Cuesta-Mejías, T, de León-Bojorge, B, Arias-Gutiérrez, A, Decanini-Terán, C, Shueke-Esses, M
Revista de gastroenterologia de Mexico. 2001;(3):146-9
Abstract
OBJECTIVE To present a rare entity of difficult preoperative diagnosis. BACKGROUND Primary malignant melanoma of the esophagus represents 0.1% of all malignant tumors in this organ. It has been described in association with esophageal melanocytosis and melanosis with a clinic behavior similar to other neoplasm in the esophagus, but is more aggressive and fatal. By endoscopy, it usually appears as a vegetant, non-obstructive lesion, with dark pigmentation in the melanotic variant, the sole evidence that suggests the diagnosis prior to microscopic examination.
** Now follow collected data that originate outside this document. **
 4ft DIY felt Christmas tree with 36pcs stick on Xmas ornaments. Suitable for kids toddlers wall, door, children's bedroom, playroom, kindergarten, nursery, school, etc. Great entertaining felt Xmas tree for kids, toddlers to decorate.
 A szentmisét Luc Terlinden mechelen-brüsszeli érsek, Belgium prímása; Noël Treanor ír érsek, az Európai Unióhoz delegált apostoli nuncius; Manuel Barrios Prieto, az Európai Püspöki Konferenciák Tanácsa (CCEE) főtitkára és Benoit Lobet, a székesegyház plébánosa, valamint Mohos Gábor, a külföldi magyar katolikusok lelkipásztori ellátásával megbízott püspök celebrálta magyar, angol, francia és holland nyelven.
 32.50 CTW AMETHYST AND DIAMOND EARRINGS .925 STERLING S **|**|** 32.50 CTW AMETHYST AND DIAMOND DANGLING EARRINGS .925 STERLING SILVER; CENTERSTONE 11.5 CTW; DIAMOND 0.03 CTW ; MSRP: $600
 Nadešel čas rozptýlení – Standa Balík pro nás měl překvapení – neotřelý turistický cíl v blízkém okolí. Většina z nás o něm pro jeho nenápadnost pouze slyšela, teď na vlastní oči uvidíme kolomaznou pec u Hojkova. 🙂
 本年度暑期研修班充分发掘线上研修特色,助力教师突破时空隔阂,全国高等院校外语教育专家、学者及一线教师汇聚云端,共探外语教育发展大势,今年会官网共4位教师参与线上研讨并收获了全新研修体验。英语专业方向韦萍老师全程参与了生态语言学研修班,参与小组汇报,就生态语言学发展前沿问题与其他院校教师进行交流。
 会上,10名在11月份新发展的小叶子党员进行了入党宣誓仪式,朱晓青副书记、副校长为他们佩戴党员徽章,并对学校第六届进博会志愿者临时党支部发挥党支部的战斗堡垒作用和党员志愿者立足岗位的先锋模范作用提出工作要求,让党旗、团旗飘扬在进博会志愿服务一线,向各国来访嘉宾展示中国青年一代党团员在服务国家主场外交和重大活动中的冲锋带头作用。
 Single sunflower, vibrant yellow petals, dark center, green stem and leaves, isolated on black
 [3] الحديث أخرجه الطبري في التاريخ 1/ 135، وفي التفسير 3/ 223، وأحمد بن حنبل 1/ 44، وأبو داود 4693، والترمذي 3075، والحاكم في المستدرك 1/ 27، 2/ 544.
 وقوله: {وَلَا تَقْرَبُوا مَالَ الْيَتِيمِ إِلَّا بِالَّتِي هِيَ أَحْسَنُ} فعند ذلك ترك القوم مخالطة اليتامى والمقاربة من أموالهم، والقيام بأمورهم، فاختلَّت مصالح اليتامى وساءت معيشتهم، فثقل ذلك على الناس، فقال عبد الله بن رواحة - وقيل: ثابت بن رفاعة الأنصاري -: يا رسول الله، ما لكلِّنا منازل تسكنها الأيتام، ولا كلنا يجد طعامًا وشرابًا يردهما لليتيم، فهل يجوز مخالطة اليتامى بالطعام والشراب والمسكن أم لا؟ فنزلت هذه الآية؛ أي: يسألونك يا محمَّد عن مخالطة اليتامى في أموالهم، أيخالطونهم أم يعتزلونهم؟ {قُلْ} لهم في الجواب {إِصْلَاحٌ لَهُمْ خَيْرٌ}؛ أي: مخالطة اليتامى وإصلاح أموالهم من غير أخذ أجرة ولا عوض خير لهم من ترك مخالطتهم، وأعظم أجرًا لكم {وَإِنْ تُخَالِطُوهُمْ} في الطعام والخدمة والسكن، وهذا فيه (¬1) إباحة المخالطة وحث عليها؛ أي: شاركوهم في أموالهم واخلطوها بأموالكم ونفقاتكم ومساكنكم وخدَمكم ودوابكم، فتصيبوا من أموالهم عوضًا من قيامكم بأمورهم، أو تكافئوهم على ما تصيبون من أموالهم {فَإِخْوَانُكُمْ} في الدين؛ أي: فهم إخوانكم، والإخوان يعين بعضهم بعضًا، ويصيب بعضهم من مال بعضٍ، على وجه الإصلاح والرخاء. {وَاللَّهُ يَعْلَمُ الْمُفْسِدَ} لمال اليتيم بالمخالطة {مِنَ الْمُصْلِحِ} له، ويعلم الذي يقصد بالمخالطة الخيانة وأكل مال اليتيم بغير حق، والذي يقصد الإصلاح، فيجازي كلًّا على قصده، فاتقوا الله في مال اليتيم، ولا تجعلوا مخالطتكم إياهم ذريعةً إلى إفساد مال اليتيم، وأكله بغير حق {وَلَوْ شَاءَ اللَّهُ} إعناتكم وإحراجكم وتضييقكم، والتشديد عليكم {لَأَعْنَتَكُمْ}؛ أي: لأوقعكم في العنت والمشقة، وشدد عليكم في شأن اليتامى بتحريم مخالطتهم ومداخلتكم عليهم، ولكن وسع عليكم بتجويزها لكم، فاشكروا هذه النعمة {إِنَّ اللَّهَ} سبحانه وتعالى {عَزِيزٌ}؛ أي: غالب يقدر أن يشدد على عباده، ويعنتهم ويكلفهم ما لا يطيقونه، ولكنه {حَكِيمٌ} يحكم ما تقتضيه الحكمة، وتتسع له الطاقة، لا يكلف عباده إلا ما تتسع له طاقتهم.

Clinical exclusion of metastasis melanoma as a possibility is obligatory. METHODS We reviewed clinical, imagenologic, endoscopic, and anatomopathological aspects of an ulcerovegetant neoplasm on the esophago-gastric junction, surgically resected, in a 65 years-old man with progressive dysphagia, who was without tumoral relapse during 18 months after surgery. RESULTS The tumoral mass was an anaplastic cell tumor with very scant melanic pigmentation and diffuses stain for HMB-45 antigen and S100 protein, considering it to be a primary malignant melanoma. The neighboring mucous membrane showed a typical Barrett's esophagus and melanocytic hyperplasia. CONCLUSIONS 1) Endoscopy may suggest the possibility of esophagus melanoma when there is a vegetate, non-obstructive, pigmented tumor. 2) Immunohistochemistry confirms the entity if HMB-45 antigen and S100 protein are detected in the tumoral cells, while the negative results for keratin and leukocytic common antigen (LCA) eliminate carcinoma and lymphoma as possible diagnoses. 3) In our case, the presence of Barrett's esophagus is exceptional, because it has not been described previously in the literature reviewed.